The true scientific study of planets began with the Italian astronomer and physicist Galileo in the early 17th century. Galileo used a telescope to study the surface of the Moon, the phases of Venus, and the moons of Jupiter. His observations fully confirmed that the Moon and the planets were worlds like Earth. Galileo clashed with the Roman Catholic Church over his support for the Sun-centered Copernican system, however. Authorities in Catholic Church put Galileo on trial and forced him to say that his scientific ideas were wrong.

As astronomers after Galileo made more discoveries about the solar system, they had to decide what should be called a planet. The German-born British astronomer William Herschel discovered the planet Uranus in 1781 but first thought it was a comet. Uranus was not officially recognized as a planet until more observations showed it had a circular orbit beyond Saturn.

In 1801 Italian astronomer Giuseppe Piazzi found a body orbiting between Mars and Jupiter. Named Ceres, the body was thought to be the “missing” planet that should exist between Mars and Jupiter. Other astronomers found additional bodies with similar orbits. For a few decades these objects were called planets. After scientists detected many more such small bodies, they decided to call them asteroids rather than true planets. (Ceres is now considered a dwarf planet.)

The planet Neptune was found in 1846 based on slight changes in the orbit of Uranus, likely caused by gravity from another planet further out in the solar system. The calculations were so accurate that the first astronomer who made the search with a telescope located the new planet in a few hours.

In 1859, an astronomer claimed to find a small body orbiting nearer the Sun than Mercury. The discovery was hailed as a new planet named Vulcan. Later, more careful searches failed to find Vulcan again and astronomers decided that the supposed innermost planet never existed.

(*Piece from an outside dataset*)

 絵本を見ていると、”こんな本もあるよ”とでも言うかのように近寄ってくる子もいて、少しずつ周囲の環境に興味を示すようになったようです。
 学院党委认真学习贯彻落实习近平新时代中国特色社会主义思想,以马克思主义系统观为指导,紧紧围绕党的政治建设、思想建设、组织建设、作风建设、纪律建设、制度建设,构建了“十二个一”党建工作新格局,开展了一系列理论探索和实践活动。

The existence of a large planet beyond Neptune was proposed by the American astronomer Percival Lowell to explain slight irregularities apparently detected in Neptune’s orbit. (Lowell’s calculations contained errors and no irregularities actually existed.). After Lowell’s death, the Lowell Observatory in Flagstaff, Arizona, hired the young amateur astronomer Clyde Tombaugh to search for Lowell’s so-called Planet X. In 1930, Tombaugh found a small point of light that moved like a planet only a few degrees away from one of the positions predicted by Lowell. The object was named Pluto and hailed as the ninth planet in the solar system.

Pluto turned out to be far smaller than the planet Lowell had imagined, however. In fact, the discovery of Pluto was a lucky accident that rewarded Clyde Tombaugh’s diligent work and not a confirmation of Lowell’s ideas. Whether Pluto deserved to be called a planet at all later became a topic of scientific debate. The International Astronomical Union made Pluto a dwarf planet in 2006, leaving eight major (or “classical” planets) in the solar system.

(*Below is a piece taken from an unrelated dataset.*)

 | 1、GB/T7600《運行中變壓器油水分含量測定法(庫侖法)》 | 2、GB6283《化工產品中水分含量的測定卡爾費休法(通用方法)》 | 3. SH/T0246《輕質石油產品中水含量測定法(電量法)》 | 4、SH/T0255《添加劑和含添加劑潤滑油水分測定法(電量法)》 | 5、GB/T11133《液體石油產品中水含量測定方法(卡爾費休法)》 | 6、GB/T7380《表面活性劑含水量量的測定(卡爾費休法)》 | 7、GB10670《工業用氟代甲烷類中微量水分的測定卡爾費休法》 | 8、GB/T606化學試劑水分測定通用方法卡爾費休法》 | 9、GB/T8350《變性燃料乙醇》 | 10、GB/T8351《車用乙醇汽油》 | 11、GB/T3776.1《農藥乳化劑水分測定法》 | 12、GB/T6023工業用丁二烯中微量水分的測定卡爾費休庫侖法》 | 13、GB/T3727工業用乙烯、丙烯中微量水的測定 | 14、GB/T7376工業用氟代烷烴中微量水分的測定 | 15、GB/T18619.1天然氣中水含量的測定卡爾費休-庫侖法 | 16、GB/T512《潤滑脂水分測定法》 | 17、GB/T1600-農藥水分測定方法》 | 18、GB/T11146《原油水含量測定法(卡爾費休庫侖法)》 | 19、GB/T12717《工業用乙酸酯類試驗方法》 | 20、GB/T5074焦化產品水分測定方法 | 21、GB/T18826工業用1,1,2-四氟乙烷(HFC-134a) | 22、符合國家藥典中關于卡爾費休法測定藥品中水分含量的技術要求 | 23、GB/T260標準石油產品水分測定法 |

The most important information about planets has come from ambitious space exploration missions. Spacecraft have been able to fly by or orbit all of the eight major planets in the solar system. Probes have even landed on the surfaces of Mars and Venus, providing photographs and scientific data. The public worldwide has shared in these discoveries through television broadcasts, Web sites, movies, and books. Planets have become something very different from the distant orbs of burning ether most people once thought they were.